The Missouri-Kansas border had been a hotbed of hatred and revenge for two years now. After the signing of the Kansas-Nebraska Act in May of 1854, living within fifty miles of the Missouri River in the northern third of either state was a gamble, yet the land was so fertile that many stayed to feed their families and pocket what little they could of profits from the harvest. Not only did the glacial deposits of old provide hearty crops, but so were they fertilized in blood.

John Winston eased up onto his porch, his left leg giving him trouble. Beneath his course work pants was a mottle of purple, pink, and yellow bruises all on one thigh. This from a fall in the tobacco barn while hanging wagon loads of the punky weed three days before. Bruise or no, he finished with the three acres worth of tobacco sticks alongside sons, family members, and friends for the cash crop needed drying in his barn before being sent to town in bales in a month or two. With a leg now peppered in a full regalia of colors and pain, he had sent his oldest out back to strip down a few ears of corn from the garden for the chickens, collect their eggs, and lock them down before the night shift could get to them.

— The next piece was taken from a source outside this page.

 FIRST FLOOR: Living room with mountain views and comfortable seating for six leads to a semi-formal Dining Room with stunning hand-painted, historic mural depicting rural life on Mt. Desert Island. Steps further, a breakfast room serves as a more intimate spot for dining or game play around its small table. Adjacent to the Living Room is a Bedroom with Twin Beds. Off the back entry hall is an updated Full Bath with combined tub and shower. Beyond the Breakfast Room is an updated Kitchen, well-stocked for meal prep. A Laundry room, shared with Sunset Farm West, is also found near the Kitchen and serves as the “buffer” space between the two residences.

Struggling, even with the rail, he headed for his rocker. The hand quilted pillow and solid frame were a comfort. He sat with a solid squat, which sent the whole contraption into a see-saw of motion. As it settled, as he settled, his hand moved to collect his pipe from the side table. Before he could pull a pinch of his own tobacco from a clay container, his youngest nestled herself up onto his lap.

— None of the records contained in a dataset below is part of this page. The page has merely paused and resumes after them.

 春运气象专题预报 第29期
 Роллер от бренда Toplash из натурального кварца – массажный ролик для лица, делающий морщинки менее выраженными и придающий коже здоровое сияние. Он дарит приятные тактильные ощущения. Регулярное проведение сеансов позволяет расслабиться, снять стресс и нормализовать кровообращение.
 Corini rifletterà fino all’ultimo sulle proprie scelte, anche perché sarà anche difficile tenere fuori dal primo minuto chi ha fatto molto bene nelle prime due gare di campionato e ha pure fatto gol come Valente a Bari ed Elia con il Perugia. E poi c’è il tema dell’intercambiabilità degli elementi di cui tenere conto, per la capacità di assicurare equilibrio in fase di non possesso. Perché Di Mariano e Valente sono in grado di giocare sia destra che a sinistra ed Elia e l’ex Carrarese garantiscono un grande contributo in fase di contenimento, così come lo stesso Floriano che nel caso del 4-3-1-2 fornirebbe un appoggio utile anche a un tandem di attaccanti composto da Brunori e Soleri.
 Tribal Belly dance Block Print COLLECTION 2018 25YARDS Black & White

"What'cha doin' daddy?" she asked. The smile on her face could turn the devil without even trying. She was a small thing, even for her age, and wriggled until his lap cradled her in a loving hug.

"Oh darling," he said, "just resting my bones before your ma calls for supper." He clasped her to one side to save his tender leg, and in doing so, she nestled along his ribs in a cub-like bear hug.

As he released the tight embrace on his youngest daughter, the sound of horse's hooves commanded the air. They were suddenly coming right this way and fast. John started to stand but the weight of his daughter and his tender leg sent him back into the unstable rocker before he could rise even an inch.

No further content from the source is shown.